■ Problem to solve: Transcribe exactly, please, the lines from the one containing "1.4.35 The Great" through the end of the records below, and leave out the pictures.

■ Data to process:

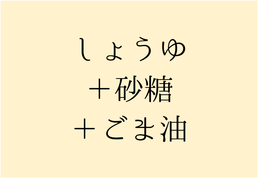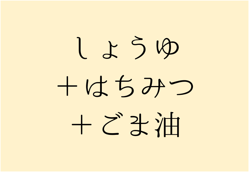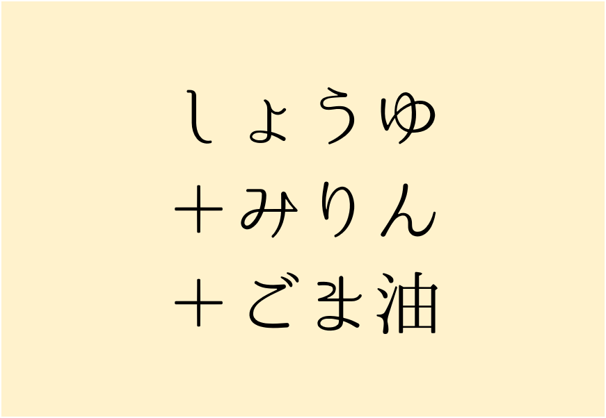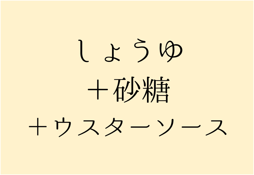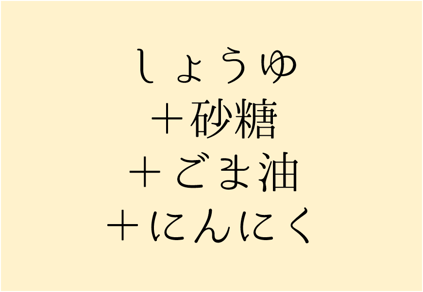 【醤油+みりん+ごま油、醤油+はちみつ+ごま油、醤油+砂糖+ごま油、醤油+砂糖+ウスターソース、醤油+砂糖+りんごジュース、醤油+砂糖+ごま油+にんにく】
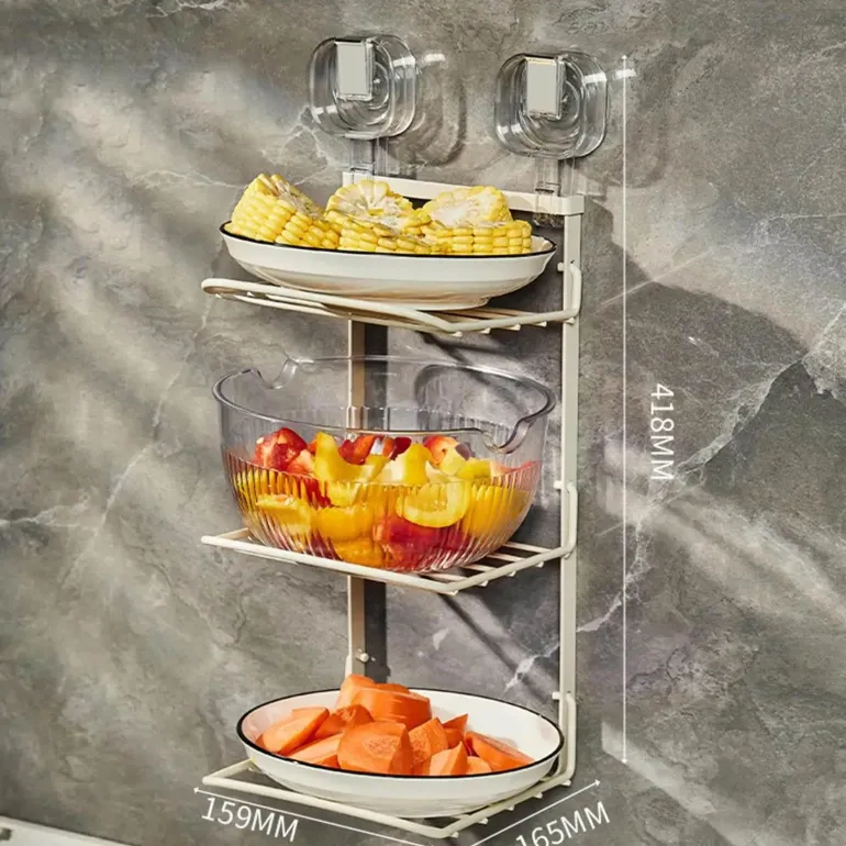 – 1 x wandmontiertes 3-lagiges Organizer-Rack für die Lebensmittelzubereitung
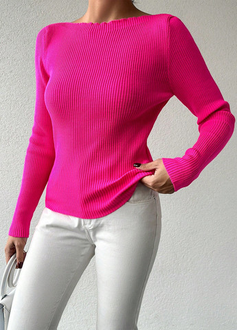 Изделие представляет собой розовый свитер, имеет вырез лодочкой и длинные рукава, облегающий крой и изготовлен из эластичной ткани.
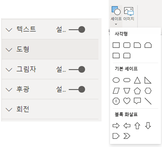보고서에 기존 셰이프가있는 경우 셰이프를 선택하고 셰이프 서식 창 에서 변환 을 클릭하여 새 셰이프 디자인으로 변환 가능
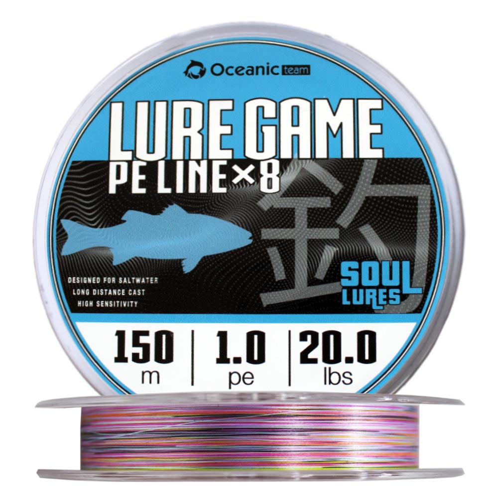 Το Lure Game x8 από την Oceanic Team είναι ένα round profile x8 (οκτάκλωνο) νήμα κατάλληλο για την τεχνική του spinning σε multi color το οποίο αλλάζει χρώμα ανά δέκα μέτρα και κάθε μέτρο διαθέτει 10 εκατοστά μαύρο χρώμα! Διαθέτει διάμετρο σε PE αναλογικά ίδια με την ιαπωνική κλίμακα κάτι που σημαίνει ότι είναι εξαιρετικά λεπτό ώστε να τυλίγεται σωστά στην μπομπίνα του μηχανισμού, να μην κάνει τούφες, να έχουμε εξαιρετική αίσθηση της κίνησης των δολωμάτων και να μας δίνει την δυνατότητα μακρινών ρίψεων! Ικανοποιεί όλες τις ανάγκες των Μεσογειακών ψαρεμάτων του spinning με στόχο τα λαβράκια, τους λούτσους, τα γοφάρια και τις παλαμίδες. Η κατασκευή του νήματος γίνεται με διαδικασία ποιοτικού ελέγχου για άμεση δύναμη και ευαισθησία ενώ η καρουλοποιήση του γίνεται με την μέθοδο «σπείρα-σπείρα». Διατίθεται σε συσκευασία των 150m και σε τρεις χρήσιμες διαμέτρους : ΡΕ #0.8, ΡΕ #1.0 & ΡΕ #1.2.
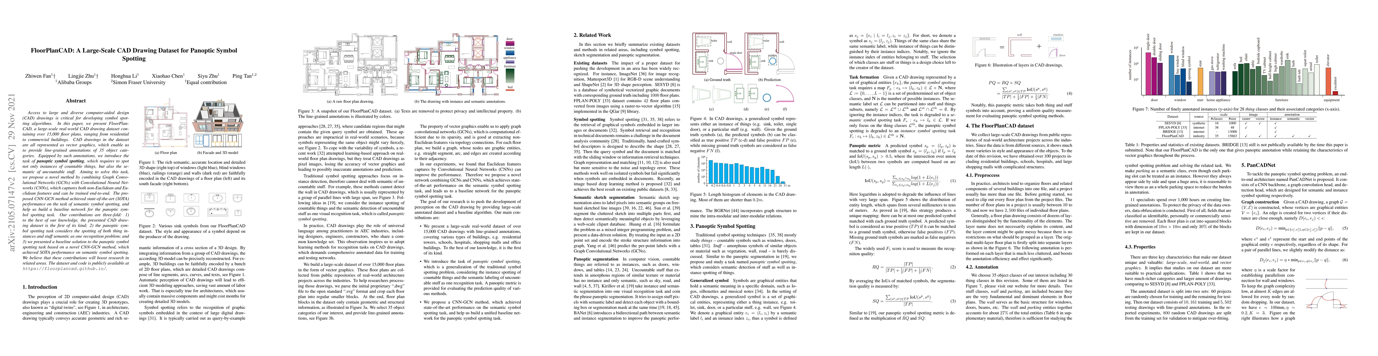 FloorPlanCAD, a large-scale CAD drawing dataset with over 10,000 floor plans and fine-grained annotations, enables panoptic symbol spotting. The proposed CNN-GCN method achieved state-of-the-art performance, introducing a new baseline for the panoptic symbol spotting task.
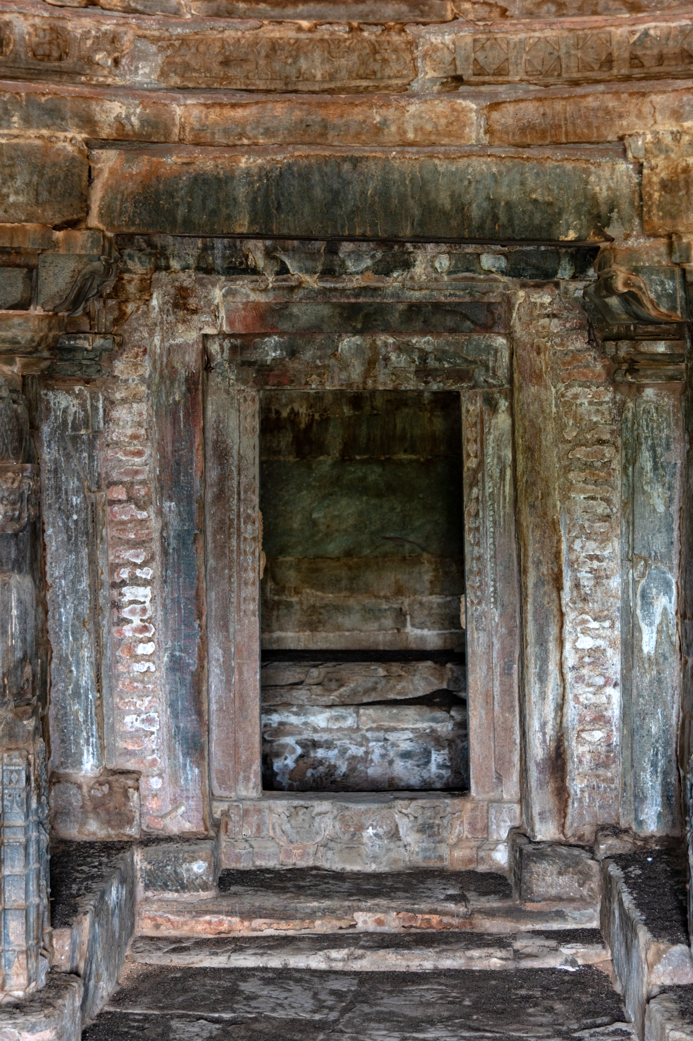 A closer view of the entrance into the garbhagriha (sanctum sanctorum) of the Jain Temple is defined by a simple dvarashakha (door jamb) which has been renovated with bricks. The garbhagriha of the temple is currently empty. The original object of worship is not known and currently too the temple is not under worship.
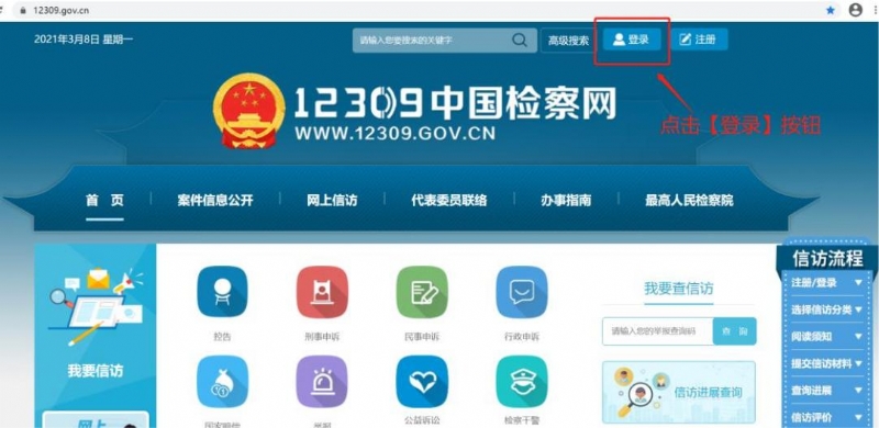 第二步:搜索“12309中国检察网”,点击上方“登录”按钮进入登录界面,输入手机号码及验证码,或使用“中国律师身份核验”平台的扫一扫功能登录。
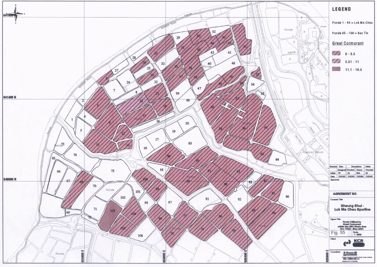 1.4.35 The Great Cormorant is a winter visitor to Hong Kong that is abundant in Deep Bay from October to early April. Most birds feed in Deep Bay, often in large flocks that occasionally hold up to 2500 birds; a significant proportion also feed in the fish ponds of Deep Bay, and much smaller numbers feed and roost in other coastal waters such as those around Lantau and, to a lesser extent, Cheung Chau.
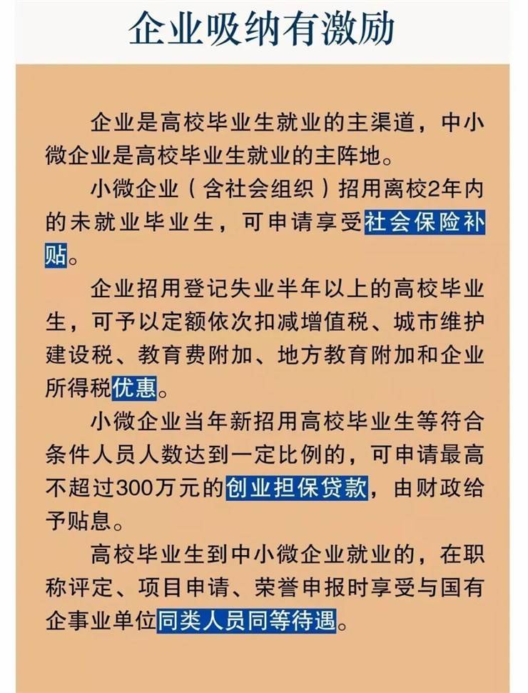高校毕业生就业创业的政策措施
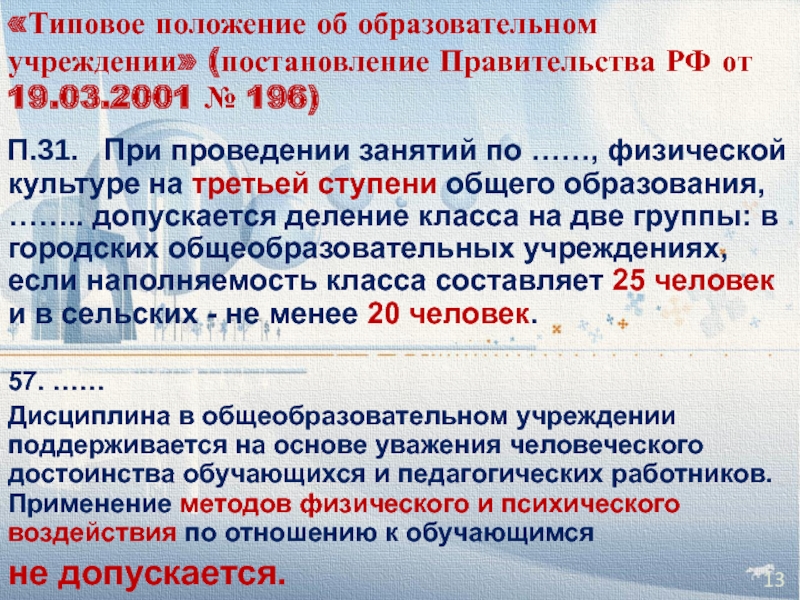 «Типовое положение об образовательном учреждении» (постановление Правительства РФ от 19.03.2001 № 196)

■ Task answer:
 1.4.35 The Great Cormorant is a winter visitor to Hong Kong that is abundant in Deep Bay from October to early April. Most birds feed in Deep Bay, often in large flocks that occasionally hold up to 2500 birds; a significant proportion also feed in the fish ponds of Deep Bay, and much smaller numbers feed and roost in other coastal waters such as those around Lantau and, to a lesser extent, Cheung Chau.
高校毕业生就业创业的政策措施
 «Типовое положение об образовательном учреждении» (постановление Правительства РФ от 19.03.2001 № 196)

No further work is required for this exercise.